Он протянул руки и Люша упала в его объятия, содрогаясь от молчаливых рыданий и вжимаясь лицом в его широкую грудь.

– Валька, Валя, Валечка… Марыська… что ж ты, Марыська… на кого же… я так устала… никого нет…

Неожиданно открывшаяся глубина ее отчаяния и одиночества потрясла его.
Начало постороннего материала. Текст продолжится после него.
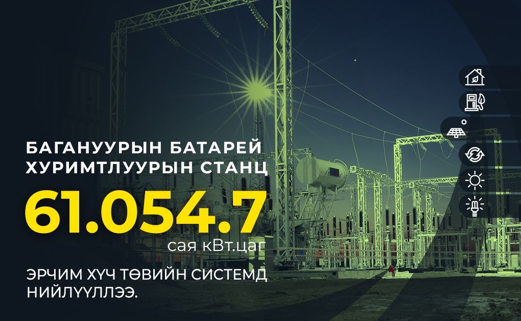 Нийслэлийн Багануур дүүргийн I хорооны нутаг дэвсгэрт “Багануур” цахилгаан түгээх дэд станцыг түшиглэн 50 МВт хүчин чадалтай батарей хуримтлуурын станцыг байгуулж, 2024 оны арванхоёрдугаар сарын 5-ны өдрөөс төвийн системд эрчим хүч нийлүүлж эхэлсэн. Өнөөдрийг хүртэл Багануурын батарей хуримтлуурын станц нийт 61 сая кВт.цаг эрчим хүчийг төвийн бүсийн нэгдсэн системд нийлүүлээд байна.
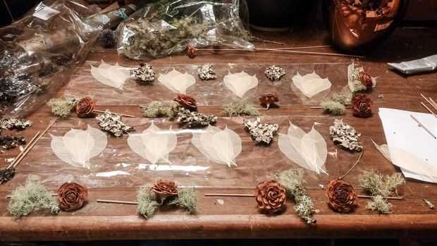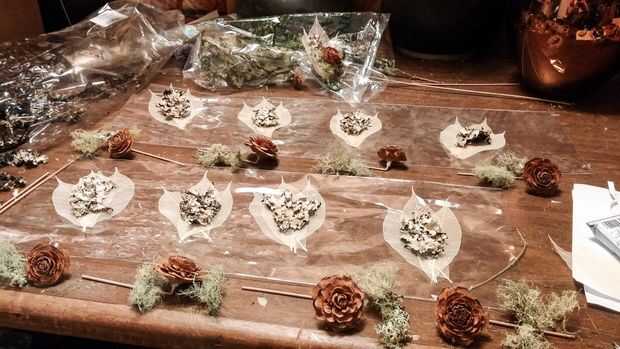 Antes de comenzar este paso desea presentar todos sus materiales y dividirlos entre los Azahares. Una vez que tiene pegamento en las manos es difícil de manejar sus materiales delicados así que establecen realmente ayuda. Ser generoso con el pegamento como aplicarlo a la parte posterior de la moss y entonces establecidas en las hojas. Usted puede aplicar algunos de los musgos más fibrosos en la parte posterior de la rosa en lugar de las hojas de cedro.
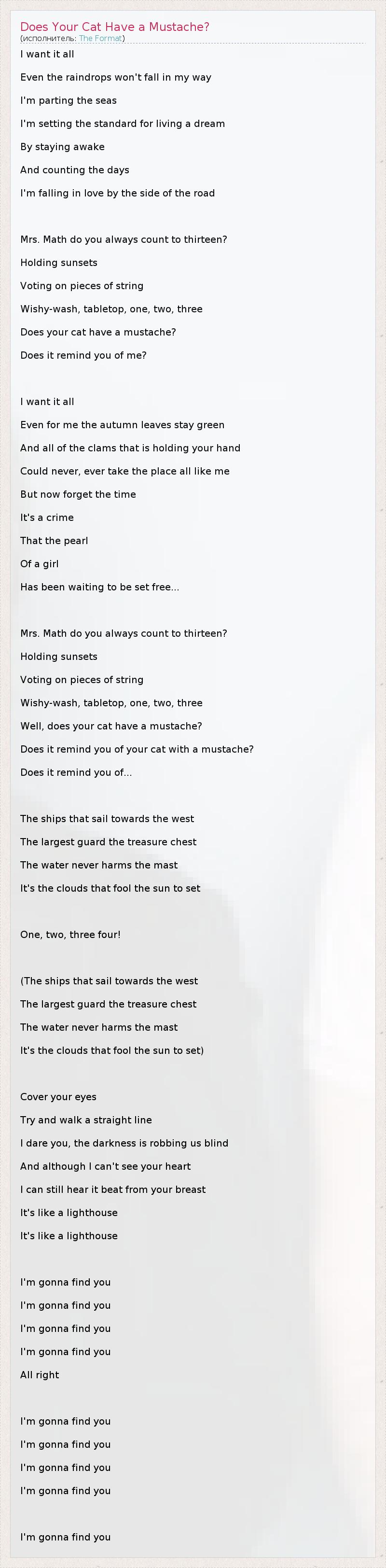 А как ты думаешь, о чем песня "Does Your Cat Have a Mustache?" ?
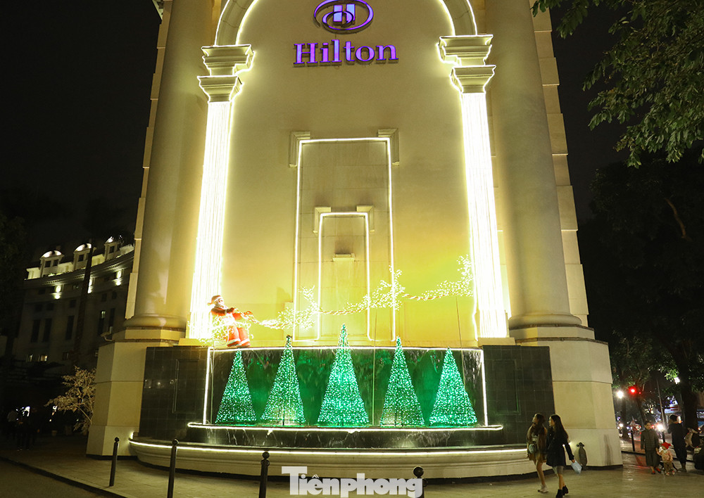 Khách sạn Hilton rực rỡ hơn với cây thông bằng đèn led cùng Ông già Noel cưỡi tuần lộc
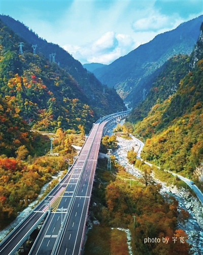 隨著彩林季到來,九綿高速也變身“彩林觀光大道”。其中,從平武縣城到王朗收費站的70余公里路段,堪稱整條高速的“顏值天花板”——公路蜿蜒穿梭在漫山彩林間,每一個轉(zhuǎn)彎都帶來視覺沖擊。駕車行駛在此,窗外是打翻調(diào)色盤般的群山,仿佛遨游在五彩斑斕的畫廊中,讓人心曠神怡。
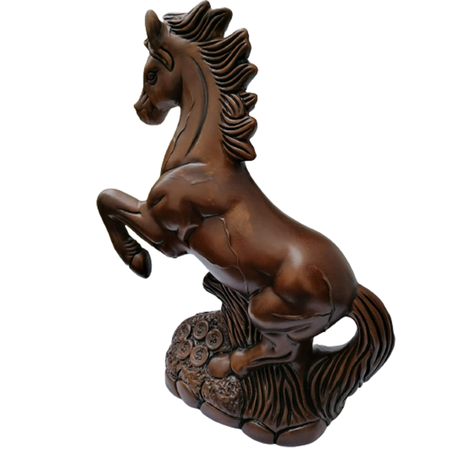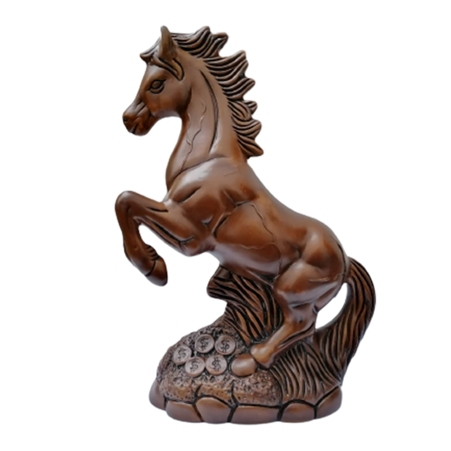 Hermoso Caballo del Triunfo, con un color entre marrón con destellos dorados, esta paleta de colores hace un lindo contraste entre la mayoría de Decoraciones de su hogar, Dándole un toco Chip y Elegante al ambiente.
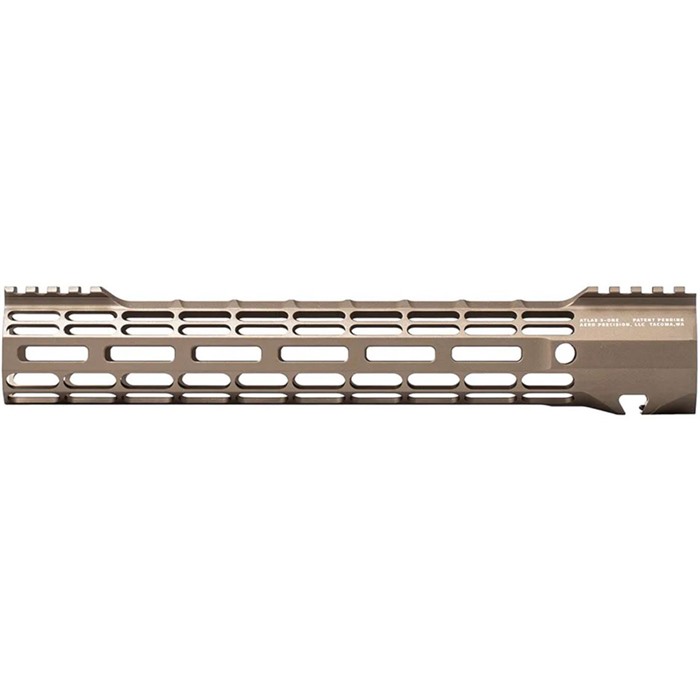 The ATLAS S-ONE is the newest addition to the Aero Precision Handguard lineup. Machined from 6061-T6 Aluminum, the S-ONE line of handguards are designed with size and weight in mind, providing the perfect handguard for your lightweight build. Aero's proprietary ATLAS attachment system is a durable and dependable mounting platform, maintaining a slim profile while still providing the strength and stability customers have grown to love from Aero Precision handguards. ATLAS The new Aero Taper Lock Attachment System (ATLAS) is both functional and aesthetically pleasing. It features 2 mirrored tapered locking nuts that provide evenly distributed clamping pressure across a custom engineered barrel nut with use of a turnbuckle screw. A ratcheting detent further secures the design while providing positive registration during installation. By design, the even pressure of the ATLAS system avoids distortion of the handguard often seen with current applications during installation. All hardware mounting parts are included with the purchase of an ATLAS Handguard. LIGHTWEIGHT BY DESIGN M-LOK Handguard Weights: 12.7" - 7.66 oz / 15" - 8.71 oz Aero Precision rail lengths measure from end to end. This is the point of contact at the receiver to the end of the last picatinny slot at the muzzle. Mounting Hardware Weight: 4.72 oz (same across all S-ONE Handguard options) FEATURES: Front and rear picatinny rail Eliminated center of top rail for weight reduction Indexing grooves in 12:00 position for positive grip control Quick disconnect sling socket at the 3, 6 and 9 o'clock positions Compatible with low profile gas blocks 1.3" Inside diameter 1.5" Outside diameter Compatible with mil-spec AR15 upper receivers and barrels NOT Compatible with M5E1 Enhanced Upper Receivers SPECS Made In America? Yes Platform M5 Series ATLAS Attachment Type M-LOK Material Machined from 6061-T6 aluminum M-LOK Handguard Weights: 12.7" - 7.66 oz / 15" - 8.71 oz Other Mounting Hardware Weight: 4.72 oz ATLAS Handguards are designed to match seamlessly with Aero's M5E1 Threaded Upper Receivers. However, they may not be compatible with billet upper receivers due to indexing tabs. Save when you buy them as a combo. PLEASE NOTE: These handguards do not come with a wrench. A standard armorers wrench will work with all M5 ATLAS Handguards.

– Я должен остаться с тобой, с вами?

– Нет, Валя, нет, зайчик мой ушастый, – грустно сказала Люша. – Ты воин. Человек, красивый на ветру. На обычном ветру и на ветру истории. Одежда, волосы, душа. В штиль в тебе все нелепо. А у нас сейчас штиль. А потом просто все кончится и начнется что-то новое… Иди своим путем.

Ее всегда холодные глаза были теплыми и синими как незабудки. Он наклонился и поцеловал их. Губы сразу стали солеными. Он облизнул их и запомнил вкус ее слез.

* * *

– Люша, я сочувствую тебе в связи со смертью твоей подруги, но надеюсь, ты понимаешь, что пребывание у нас в усадьбе этого офицера навлекает на всех дополнительные опасности…

– Успокойся, Алекс, полковник Валентин Юрьевич Рождественский уже уходит сражаться за то, во что он верит.

– Ты говоришь об этом так глупо-торжественно… Я понимаю, конечно, что ты решительно против революционеров и революций…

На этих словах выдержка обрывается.